Make executable and schedule:

chmod +x health_check_alert.sh

# Run daily at 8 AM
0 8 * * * /path/to/health_check_alert.sh

Example 9: Trend Analysis Dashboard

Python script to track health trends over time:

import json
import pandas as pd
from datetime import datetime, timedelta

def collect_health_metrics(days=30):
    """
    Collect daily health metrics for trend analysis.
    """
    results = []

    for day in range(days):
        date = datetime.now() - timedelta(days=day)
        report_file = f"health_reports/report_{date.strftime('%Y%m%d')}.json"

        try:
            with open(report_file, 'r') as f:
                data = json.load(f)

            for station in data:
                results.append({
                    'date': date.strftime('%Y-%m-%d'),
                    'station_id': station['station_id'],
                    'completeness': station['data_completeness'],
                    'status': station['overall_status'],
                    'zero_ratio': station['variable_reports'][0].get('zero_ratio', 0)
                })
        except FileNotFoundError:
            continue

    return pd.DataFrame(results)

# Analyze trends
df = collect_health_metrics(30)

# Find degrading stations
degrading = df.groupby('station_id')['completeness'].apply(
    lambda x: x.iloc[0] - x.iloc[-1] > 0.1  # Completeness dropped > 10%
)

print("Stations with declining health:")
print(degrading[degrading].index.tolist())

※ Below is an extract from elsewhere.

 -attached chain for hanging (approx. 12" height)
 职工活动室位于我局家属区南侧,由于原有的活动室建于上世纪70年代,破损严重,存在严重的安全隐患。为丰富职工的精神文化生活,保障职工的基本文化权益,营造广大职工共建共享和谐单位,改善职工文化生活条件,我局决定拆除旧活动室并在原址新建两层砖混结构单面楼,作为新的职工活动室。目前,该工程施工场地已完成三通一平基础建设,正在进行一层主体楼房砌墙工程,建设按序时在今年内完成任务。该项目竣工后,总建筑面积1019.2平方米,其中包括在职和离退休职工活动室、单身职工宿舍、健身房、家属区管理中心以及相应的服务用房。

Example 10: Integration with Grafana

Export metrics for Grafana visualization:

from prometheus_client import Gauge, CollectorRegistry, write_to_textfile
import json
import subprocess

# Create metrics
registry = CollectorRegistry()
data_completeness = Gauge('station_data_completeness', 
                          'Percentage of expected data received',
                          ['station_id'], registry=registry)
zero_ratio = Gauge('station_zero_ratio',
                   'Percentage of zero readings',
                   ['station_id', 'variable'], registry=registry)
health_status = Gauge('station_health_status',
                      'Health status (0=healthy, 1=warning, 2=critical)',
                      ['station_id'], registry=registry)

def export_metrics():
    # Run health check
    subprocess.run([
        "python", "anomaly_detector.py",
        "--health-check", "--days", "7",
        "--save", "/tmp/health_report.json"
    ])

    # Load report
    with open('/tmp/health_report.json', 'r') as f:
        report = json.load(f)

    # Export metrics
    for station in report:
        station_id = station['station_id']

        # Completeness
        data_completeness.labels(station_id=station_id).set(
            station['data_completeness']
        )

        # Status
        status_map = {'healthy': 0, 'warning': 1, 'critical': 2}
        health_status.labels(station_id=station_id).set(
            status_map.get(station['overall_status'], 0)
        )

        # Variable metrics
        for var_report in station['variable_reports']:
            zero_ratio.labels(
                station_id=station_id,
                variable=var_report['variable']
            ).set(var_report['zero_ratio'])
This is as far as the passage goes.